Stored data:
# # #
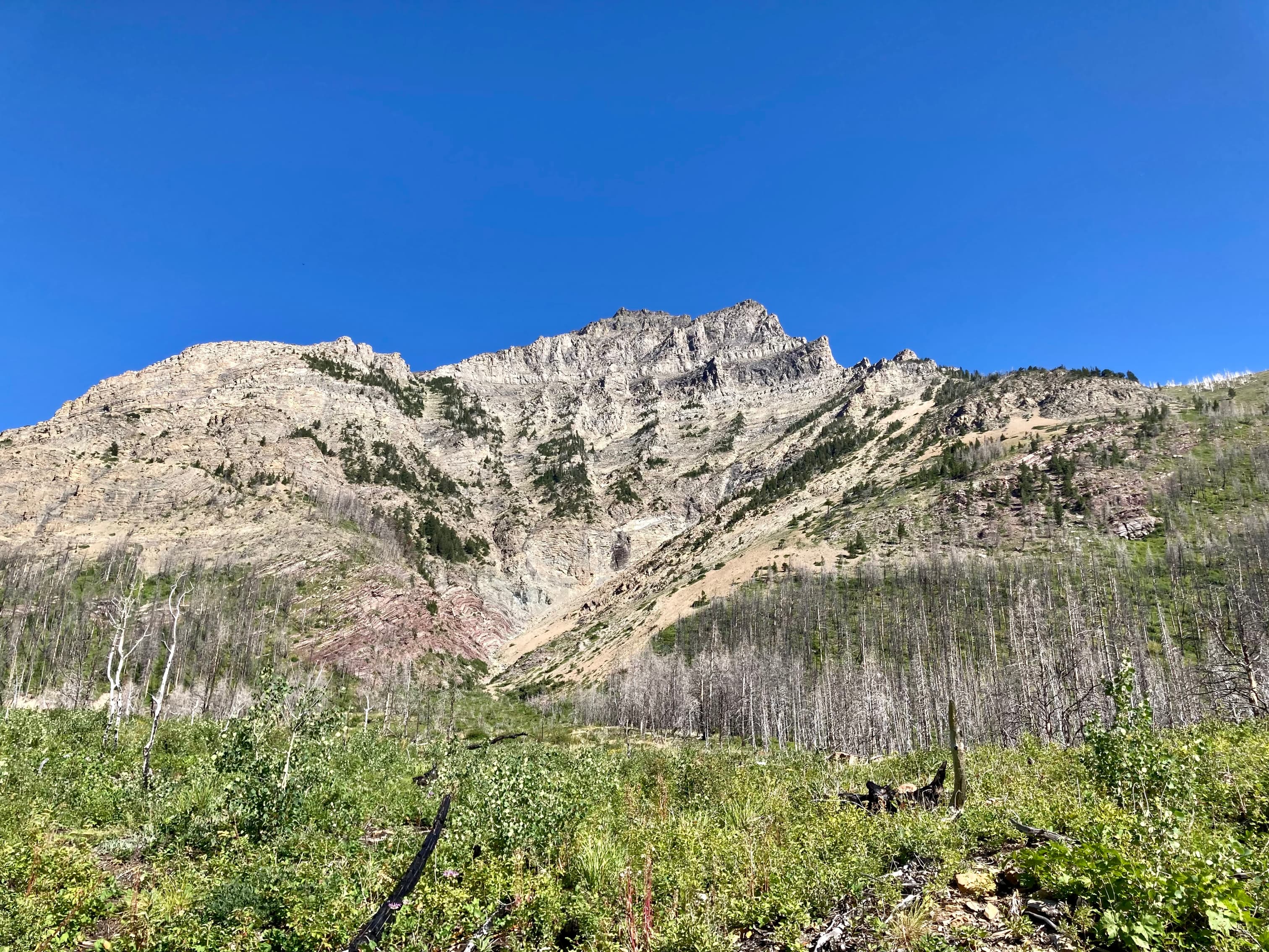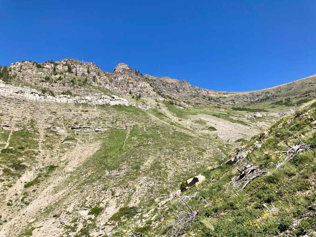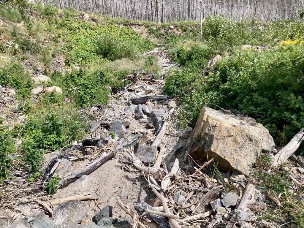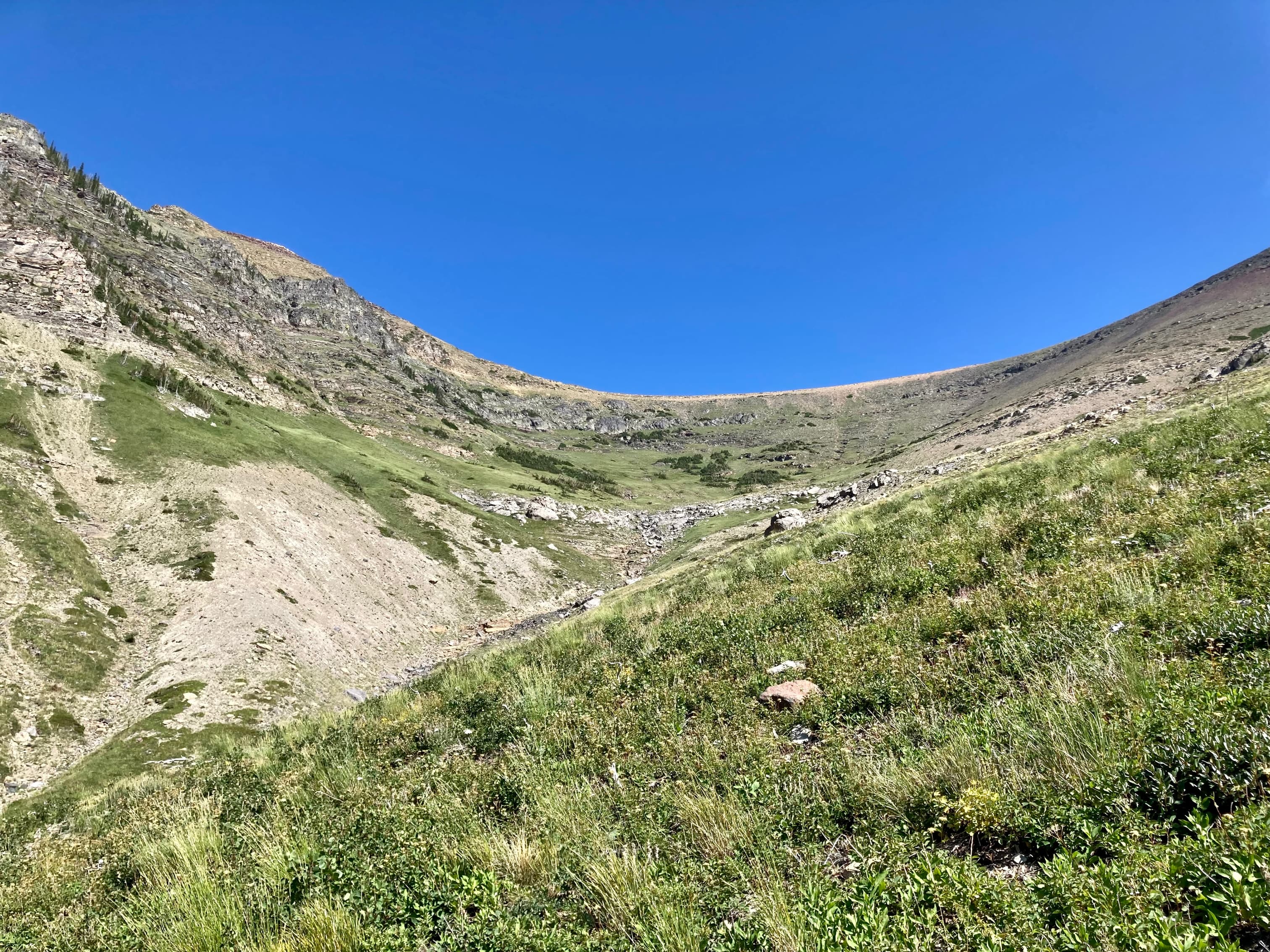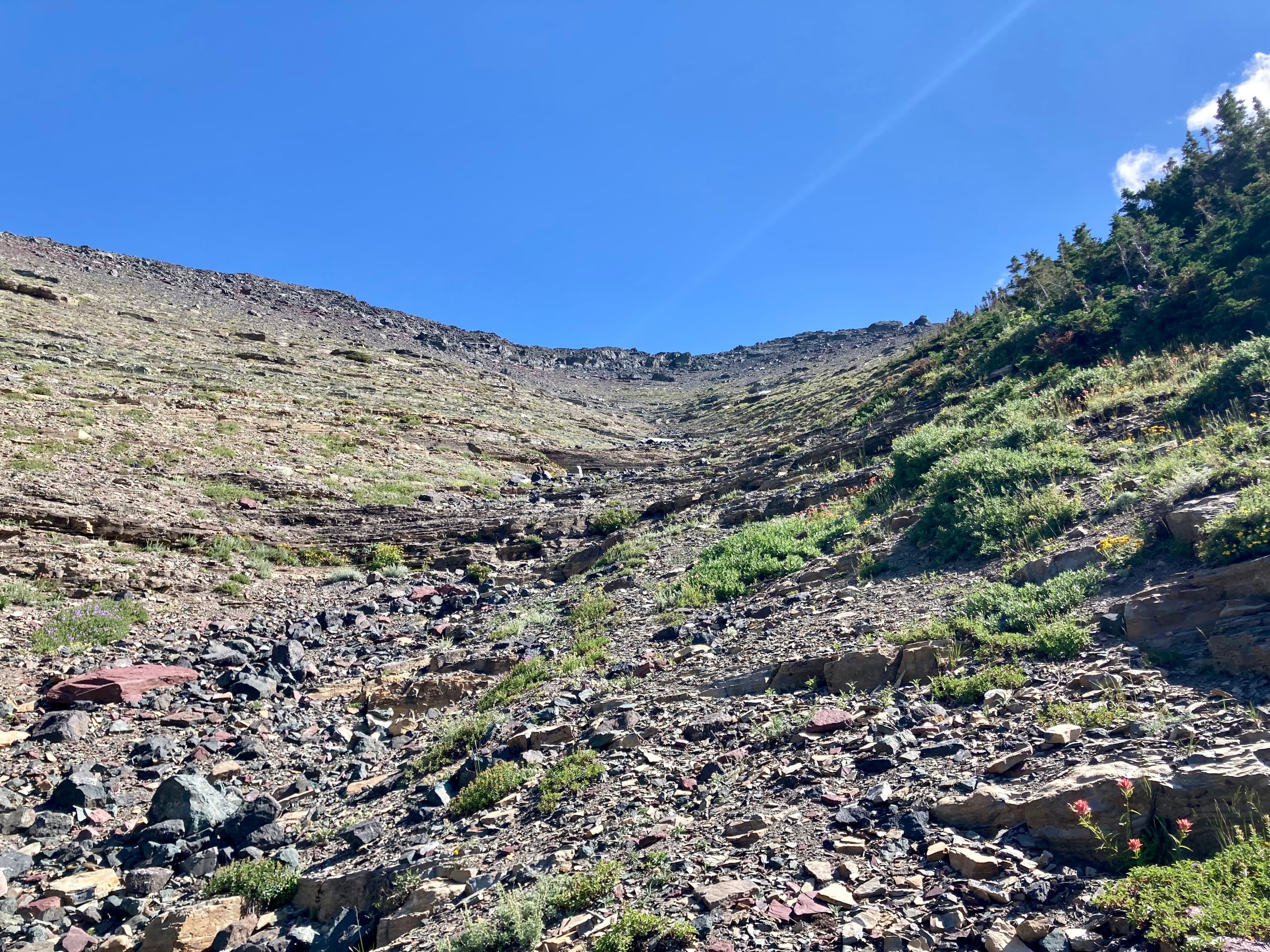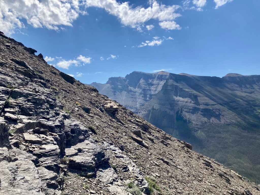 Access is from the Red Rock Parkway in Waterton. After parking at the Red Rock Canyon parking lot I followed the Blakiston Creek Trail west for a little under 5 km to the 3rd major drainage coming down from the slopes to the north. I left the trail there and bushwhacked a bit, following alongside a dried creek bed. I crossed over to the right side and after crashing through low bushes for a time was on clear slopes and ascending. Pretty soon I found myself down on the rocky part of the drainage since there was bare rock there that was easy to ascend. I did this for as long as possible before finally having to climb up alongside the drainage again on the right side.
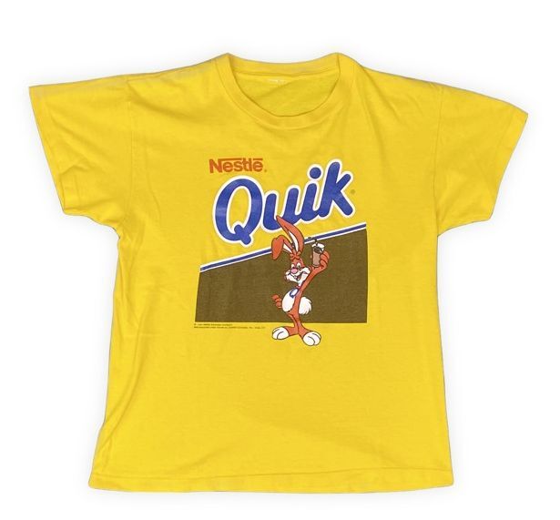 - 90's ビンテージ Tシャツ ネスレ クイック Nestle Quik クイックバニー イエロー 短丈 女性に良いサイズ [la-1351]
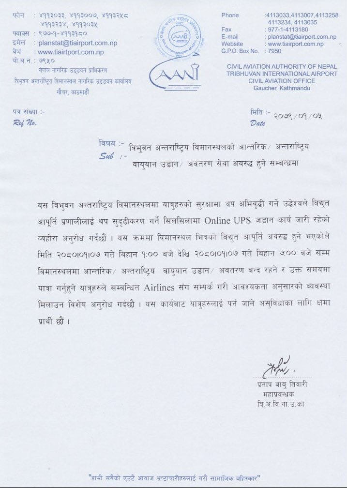 नेपाल नागरिक उड्डयन प्राधिकरण, त्रिभुवन अन्तर्राष्ट्रिय विमानस्थल नागरिक उड्डयन कार्यालयले वैशाख ७ गते बिहान १ बजेदेखि बिहान ७ बजेसम्म उडान बन्द रहने जानकारी दिएको छ ।
# # #
Exercise details: Give back the material word for word and drop the pictures it holds.

Solution for this problem:
 Access is from the Red Rock Parkway in Waterton. After parking at the Red Rock Canyon parking lot I followed the Blakiston Creek Trail west for a little under 5 km to the 3rd major drainage coming down from the slopes to the north. I left the trail there and bushwhacked a bit, following alongside a dried creek bed. I crossed over to the right side and after crashing through low bushes for a time was on clear slopes and ascending. Pretty soon I found myself down on the rocky part of the drainage since there was bare rock there that was easy to ascend. I did this for as long as possible before finally having to climb up alongside the drainage again on the right side.
 - 90's ビンテージ Tシャツ ネスレ クイック Nestle Quik クイックバニー イエロー 短丈 女性に良いサイズ [la-1351]
 नेपाल नागरिक उड्डयन प्राधिकरण, त्रिभुवन अन्तर्राष्ट्रिय विमानस्थल नागरिक उड्डयन कार्यालयले वैशाख ७ गते बिहान १ बजेदेखि बिहान ७ बजेसम्म उडान बन्द रहने जानकारी दिएको छ ।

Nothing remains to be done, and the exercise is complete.